The US Securities and Exchange Commission (SEC) has objected to the sale of Celsius assets on Coinbase, the largest US crypto exchange, due to the ongoing litigation between the two.

According to a report, 98% of creditors affected by the bankruptcy of Celsius have backed the cryptolending platform's reorganization plan, which would involve them receiving a portion of their assets back and a stake in the new company.

The Financial Conduct Authority (FCA) of the UK has issued a stern "final warning" to crypto companies for not adhering to the new digital asset advertising regulations in the country. The deadline for compliance with these regulations has been extended to January 8, 2024.

Starting on October 16, Chase Bank, the second largest bank in the UK by assets, will no longer be processing payments to crypto companies due to a rise in fraudulent activities associated with digital assets.

HSBC, one of the world's largest financial corporations based in Hong Kong, has announced that its clients can now pay off their loans using five different digital assets: Bitcoin (BTC), Ethereum (ETH), XRP, SHIB and Dogecoin (DOGE).
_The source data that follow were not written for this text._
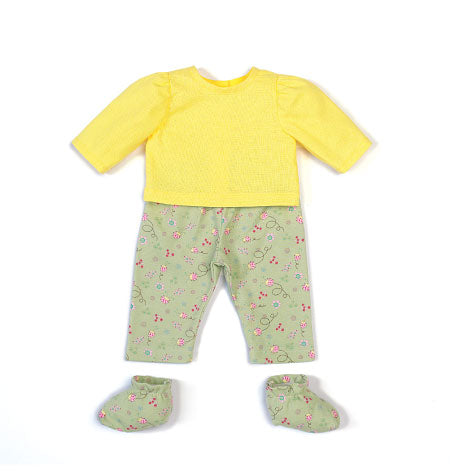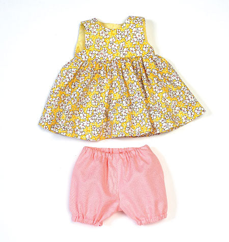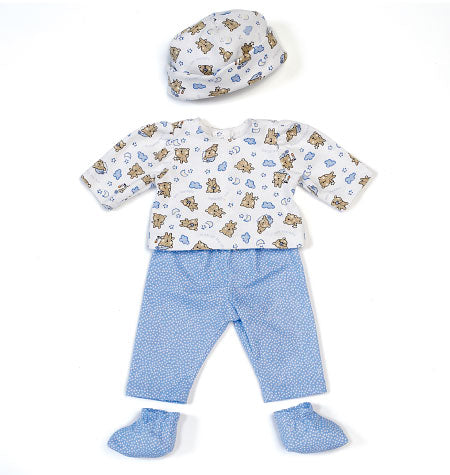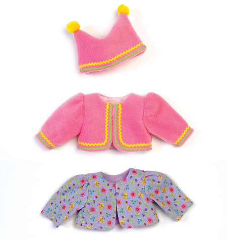 KLEIDER UND ZUBEHÖR FÜR 11" - 12" und 15" - 16" BABY DOLLS: Kleider A, B: Gefüttertes Oberteil. B: Rock mit kontrastierendem Überzug. Höschen C. Jacke D: Gefüttert, optionaler Saum. Oberteil E: Optionale Herzapplikation in Kontrastfarbe. Oberteil F: Rock in Kontrastfarbe. Hose G. Füßlinge H. Stirnband I: Gekaufte Blume oder Bandschleife. Mütze J: Gekaufte Bommeln. Mütze K. HINWEIS: Die Proportionen für Puppen können je nach Hersteller variieren. Für eine bessere Passform kann es notwendig sein, die einzelnen Teile während des Baus anzupassen.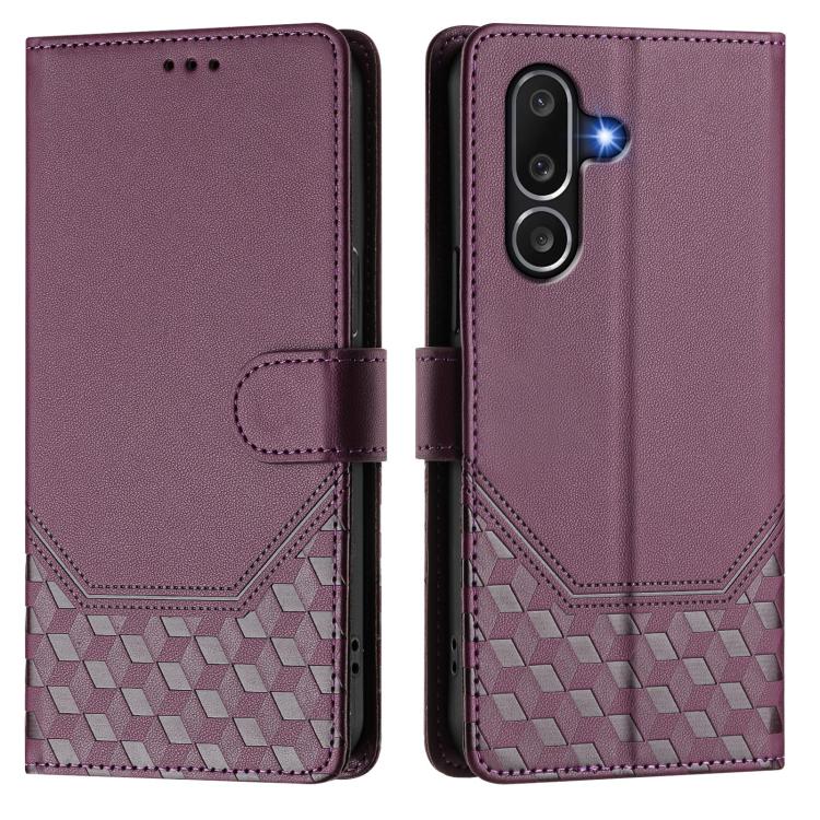 Funda de piel con relieve de panal RFID para Samsung Galaxy M56 5G (violeta)
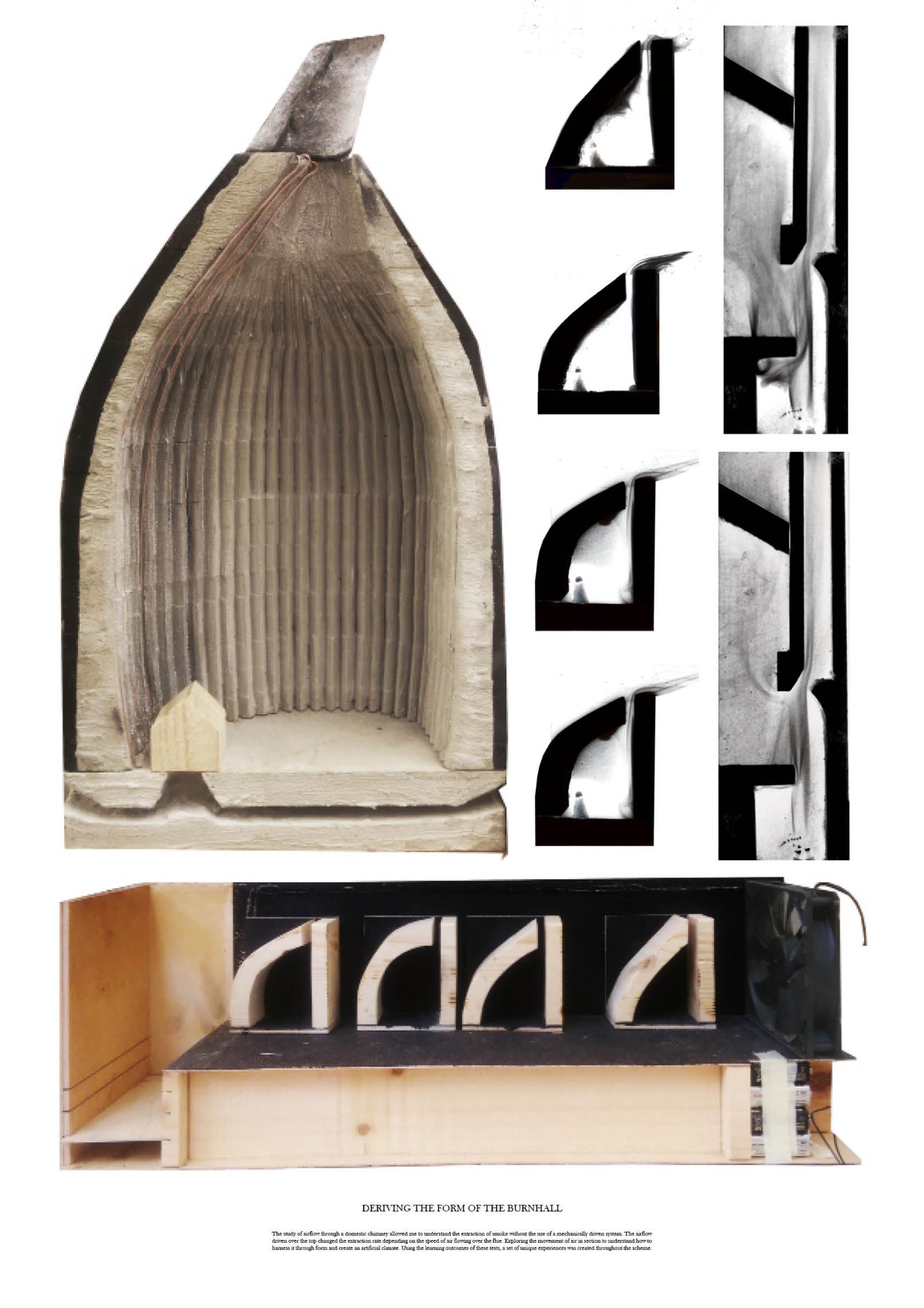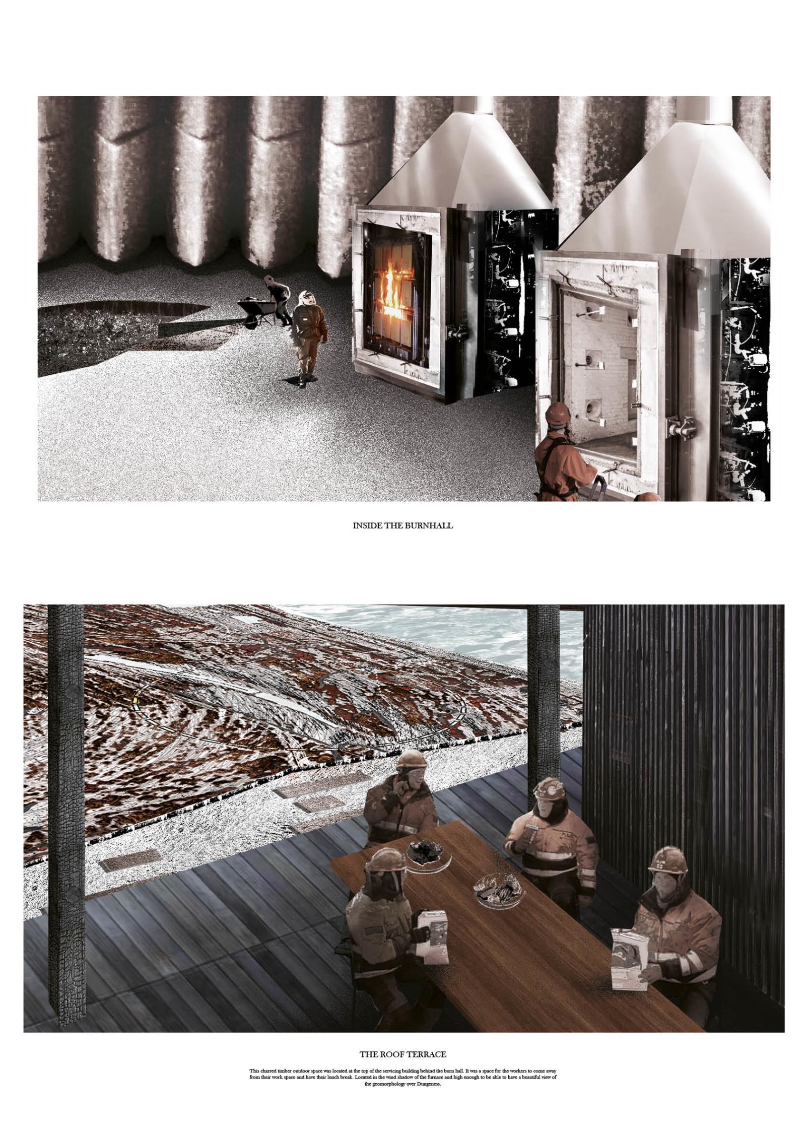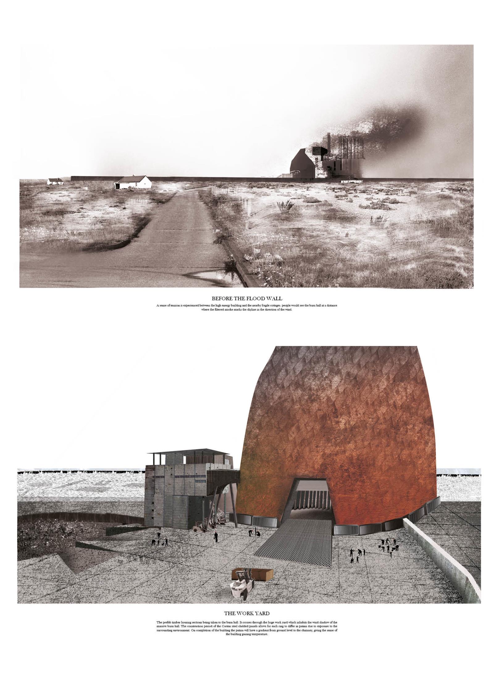 The Dungeness Burnhall Part 1 Project 2016 Mohammed Awadalla Cardiff University | UK The project proposes to invent a way of harnessing nature to create a more sustainable answer in architecture. It focuses on fire-testing, where enormous amounts of energy are wasted as by-products of test-burning materials. It looks at harnessing natural processes through artificial means, specific to its surrounding site which allows for this opportunity due to its unique environmental conditions. Tutor(s) Peter Salter
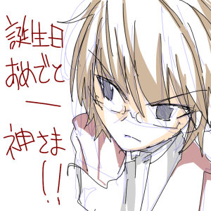 書いてあるセリフから察するに、桂馬くん誕生日記念の小さいイラストらしいっすね。なんでお蔵入りになってたんでしょうかねー。かっこいいのに、桂馬くん。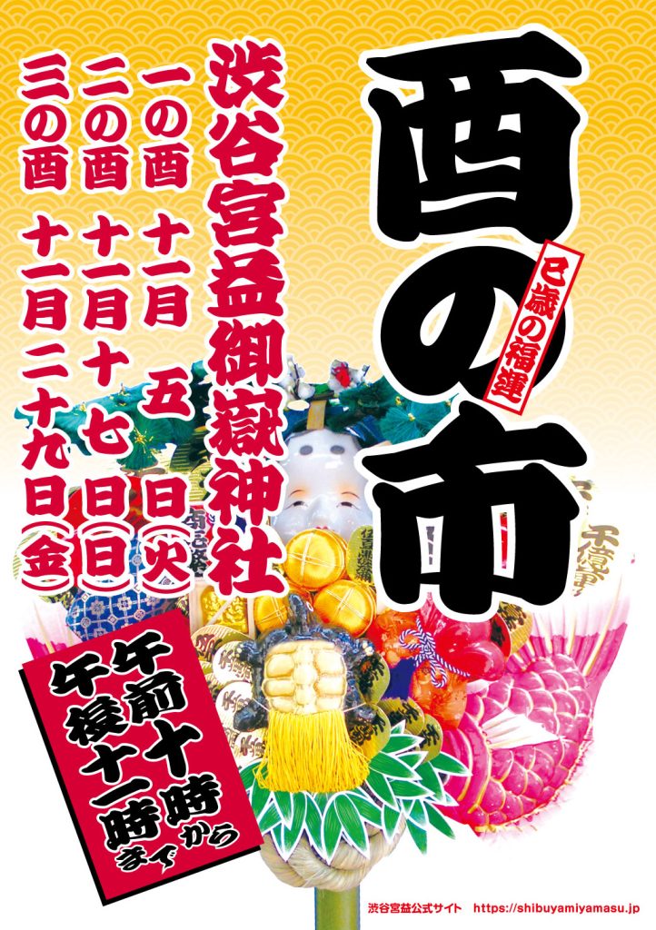 今年の酉の市は三の酉まで。一の酉 11月5日㈫二の酉 11月17日㈰三の酉 11月29日㈮ 渋谷宮益御嶽神社 午前10時から午後11時まで 一の酉(2024年11月5日㈫) 一の酉の宮益坂(2024年11月5日㈫) 二の酉(2024年11月17日㈰) 暖かい二の酉。半袖Tシャツの人も。(2024年11月17日㈰) 三の酉(2024年11月29日㈮) 三の酉(2024年11月29日㈮) 共有: Facebook で共有するにはクリックしてください (新しいウィンドウで開きます) Facebook クリックして X で共有 (新しいウィンドウで開きます) X いいね:いいね 読み込み中… 関連 FacebookXBluesky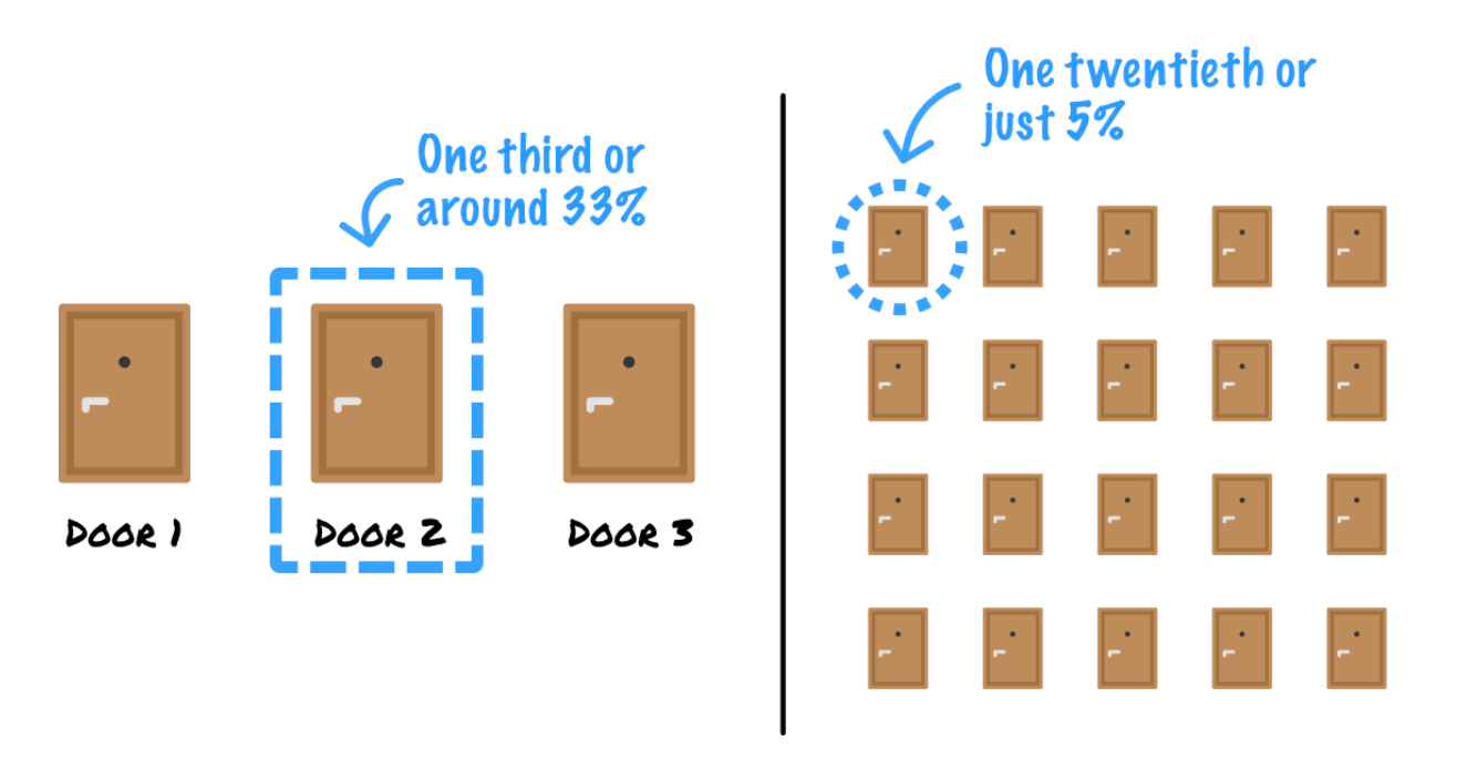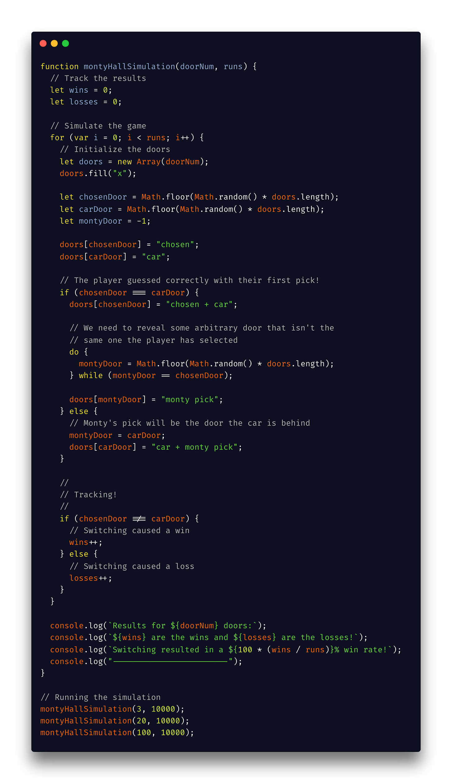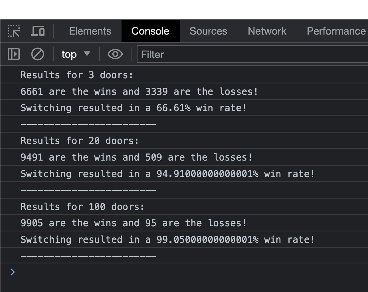 Notice how the real-world numbers very closely match the numbers we predicted in our Monty Hall Problem deep-dive. For three doors, switching resulted in a win rate of around 66%. For 20 doors, switching resulted in a winning rate of around 95%. For 100 doors, the win rate was around 99% when switching. Really cool, right?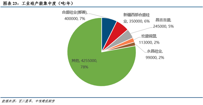 综上所示,目前全球工业硅供应的产能产量集中于中国,从量上看国内工业硅具备明显优势。具体到区域来看,国内工业硅供给多数源自于新疆,由于发电方式差异,新疆电力成本更低,且季节性更弱,开工率在多数时要高于云南和四川这两个工业硅主产地。从生产型号看,我国主产553#和421#,近几年553#产量增速要更快一些,但目前421#利润要高于553#。产业方面,目前工业硅行业集中度偏低,产能过剩和成本上涨等问题也使得厂商承受较大压力,投产动力不足。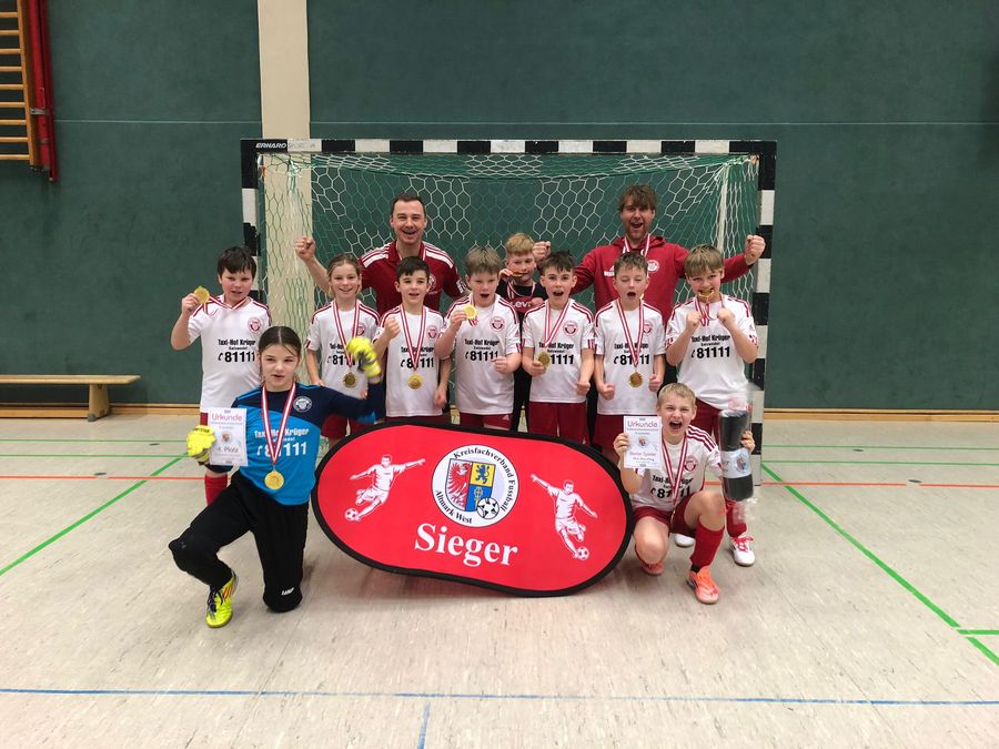 Vor 167 Zuschauern in der Zinnberghalle erlebten die Fans eine spannende und bis zum Schluss offene Hallenkreismeisterschaft der E-Junioren. Die Entscheidung fiel erst im letzten Spiel – und das hatte es in sich.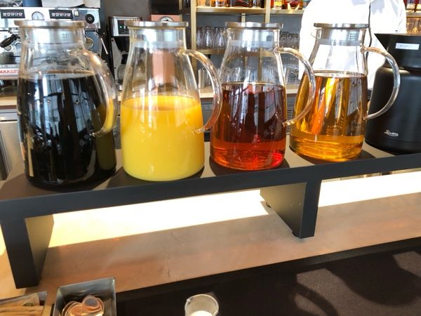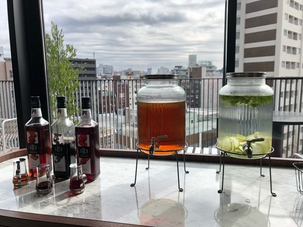 アイスティーとハーブ水(ライムとミント)のサーバーがセルフサービスで頂けます。シロップが三種類用意されていますのでお好みのフレーバーで愉しむことができます。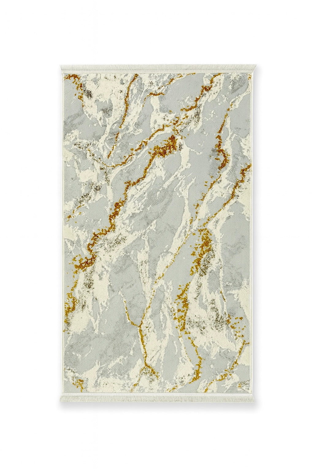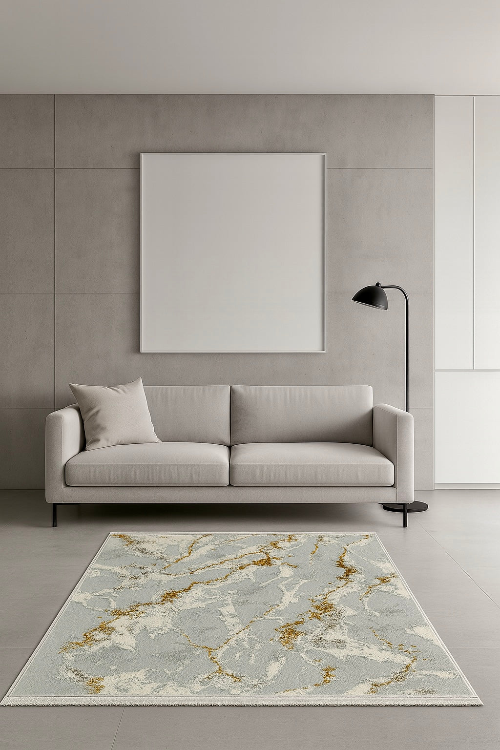 Covor modern cu design abstract marmorat în nuanțe de gri deschis, alb și accente aurii. Ideal pentru interioare minimaliste, oferă un aspect elegant și luminos. Material moale, durabil și ușor de întreținut. Potrivit pentru living, dormitor sau birou.

A Chainalysis report has revealed that Saudi Arabia has seen the highest growth in crypto transactions in the region from July 2022 to June 2023.

Casey Rodarmore, an ordinals creator, proposed an alternative to the BRC-20 standard: fungible Runes tokens. This new standard would not leave as much "trash" on the Bitcoin network as BRC-20 did.

The Shanghai Second Intermediate People's Court officially declared cryptocurrency to be a "unique and irreproducible" digital asset, thus confirming its value in the eyes of the law.